Well the topic may seem like a pretty old concept, yet a vital one in the age of Big Data, Mobile BI and the Hadoops! As per FIMA 2012 benchmark report Data Quality (DQ) still remains as the topmost priority in data management strategy:
‘What gets measured improves!’ But often Data Quality (DQ) initiative is a reactive strategy as opposed to being a pro-active one; consider the impact bad data could have in a financial reporting scenario – brand tarnish, loss of investor confidence.
But are the business users aware of DQ issue? A research report by ‘The Data Warehousing Institute’, suggested that more that 80% of the business managers surveyed believed that the business data was fine, but just half of their technical counterparts agreed on the same!!! Having recognized this disparity, it would be a good idea to match the dimensions of data and the business problem created due to lack of data quality.

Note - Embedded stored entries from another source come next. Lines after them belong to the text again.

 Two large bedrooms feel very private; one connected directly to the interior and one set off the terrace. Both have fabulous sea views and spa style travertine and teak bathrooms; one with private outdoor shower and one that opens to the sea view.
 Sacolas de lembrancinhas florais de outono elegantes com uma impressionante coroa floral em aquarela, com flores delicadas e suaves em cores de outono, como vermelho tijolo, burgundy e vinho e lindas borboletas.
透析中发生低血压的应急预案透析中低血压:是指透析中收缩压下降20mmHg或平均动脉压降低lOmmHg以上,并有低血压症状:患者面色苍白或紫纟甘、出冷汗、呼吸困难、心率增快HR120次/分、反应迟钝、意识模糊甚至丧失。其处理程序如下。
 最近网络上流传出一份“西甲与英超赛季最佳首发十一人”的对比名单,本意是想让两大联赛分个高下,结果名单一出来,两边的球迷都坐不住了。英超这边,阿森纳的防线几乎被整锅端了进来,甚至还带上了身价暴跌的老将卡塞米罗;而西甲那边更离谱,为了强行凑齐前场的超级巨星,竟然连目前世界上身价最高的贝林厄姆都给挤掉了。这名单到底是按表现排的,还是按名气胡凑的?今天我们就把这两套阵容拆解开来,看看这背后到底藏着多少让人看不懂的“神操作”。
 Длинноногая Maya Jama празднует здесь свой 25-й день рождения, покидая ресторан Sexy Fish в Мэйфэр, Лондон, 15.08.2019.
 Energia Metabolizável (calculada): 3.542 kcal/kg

Data Quality Dimensions – IT Perspective
- Data Accuracy – the degree to which data reflects the real world
- Data Completeness – inclusion of all relevant attributes of data
- Data Consistency – uniformity of data across the enterprise
- Data Timeliness – Is the data up-to-date?

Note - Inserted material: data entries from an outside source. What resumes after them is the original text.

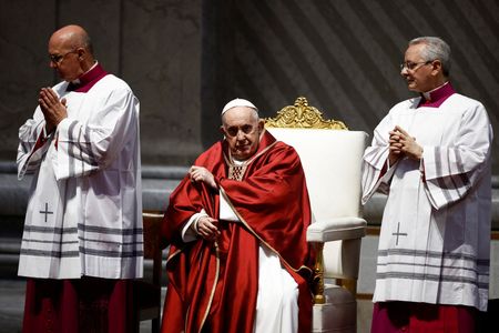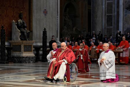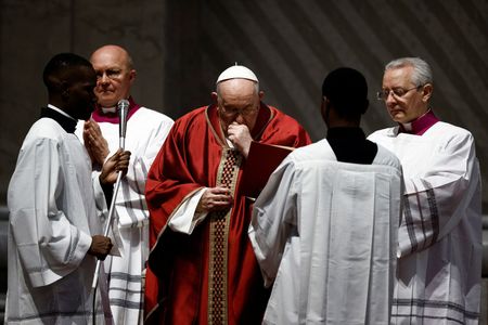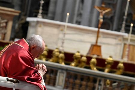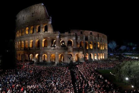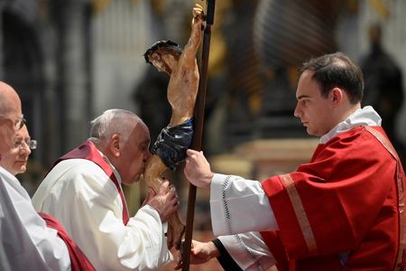 ROME (Reuters) -Pope Francis presided at one indoor service on Good Friday, but doctors ordered him to skip an outdoor evening “Way of the Cross” procession at Rome’s Colosseum after being hospitalised last week for bronchitis.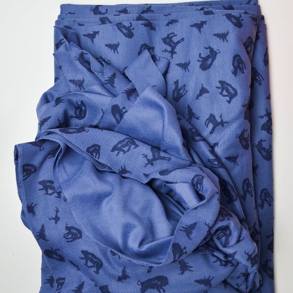 Blue Woodland Print Mesh Knit Fabric - 66" x 204"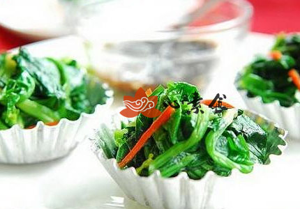 3、将菠菜捏成团,同红椒丝一同放入器皿中,蒸3分钟即可。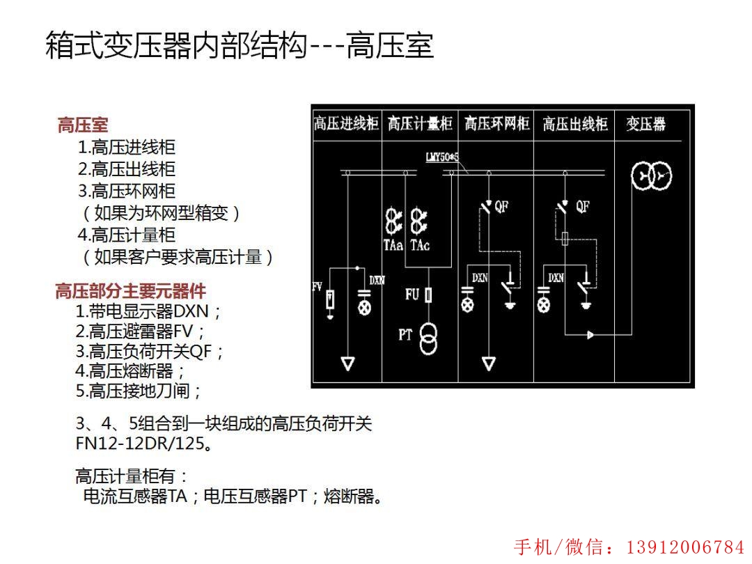 11、欧式箱式变压器(箱式变电站)高压输出柜的组成:1、欧式箱式变压器(箱式变电站)高压输出柜组成2、热缩套管,水平母线副线元件;3、地面行;4、所示。分行行;5、辅助材料;6、内阁

- Data Audit ability – Is the data reliable?
Business Problems – Due to Lack of Data Quality
Department/End-Users | Business Challenges | Data Quality Dimension* |
Human Resources | The actual employee performance as reviewed by the manager is not in sync with the HR database, Inaccurate employee classification based on government classification groups – minorities, differently abled | Data consistency, accuracy |
Marketing | Print and mailing costs associated with sending duplicate copies of promotional messages to the same customer/prospect, or sending it to the wrong address/email | Data timeliness |
Customer Service | Extra call support minutes due to incomplete data with regards to customer and poorly-defined metadata for knowledge base | Data completeness |
Sales | Lost sales due to lack of proper customer purchase/contact information that paralysis the organization from performing behavioral analytics | Data consistency, timeliness |
‘C’ Level | Reports that drive top management decision making are not in sync with the actual operational data, getting a 360o view of the enterprise | Data consistency |
Cross Functional | Sales and financial reports are not in sync with each other – typically data silos | Data consistency, audit ability |
Procurement | The procurement level of commodities are different from the requirement of production resulting in excess/insufficient inventory | Data consistency, accuracy |
Sales Channel | There are different representations of the same product across ecommerce sites, kiosks, stores and the product names/codes in these channels are different from those in the warehouse system. This results in delays/wrong items being shipped to the customer | Data consistency, accuracy |
*Just a perspective, there could be other dimensions causing these issues too
As it is evident, data is not just an IT issue but a business issue too and requires a ‘Collaborative Data Management’ approach (including business and IT) towards ensuring quality data. The solution is multifold starting from planning, execution and sustaining a data quality strategy. Aspects such as data profiling, MDM, data governance are vital guards that helps to analyze data, get first-hand information on its quality and to maintain its quality on an on-going basis.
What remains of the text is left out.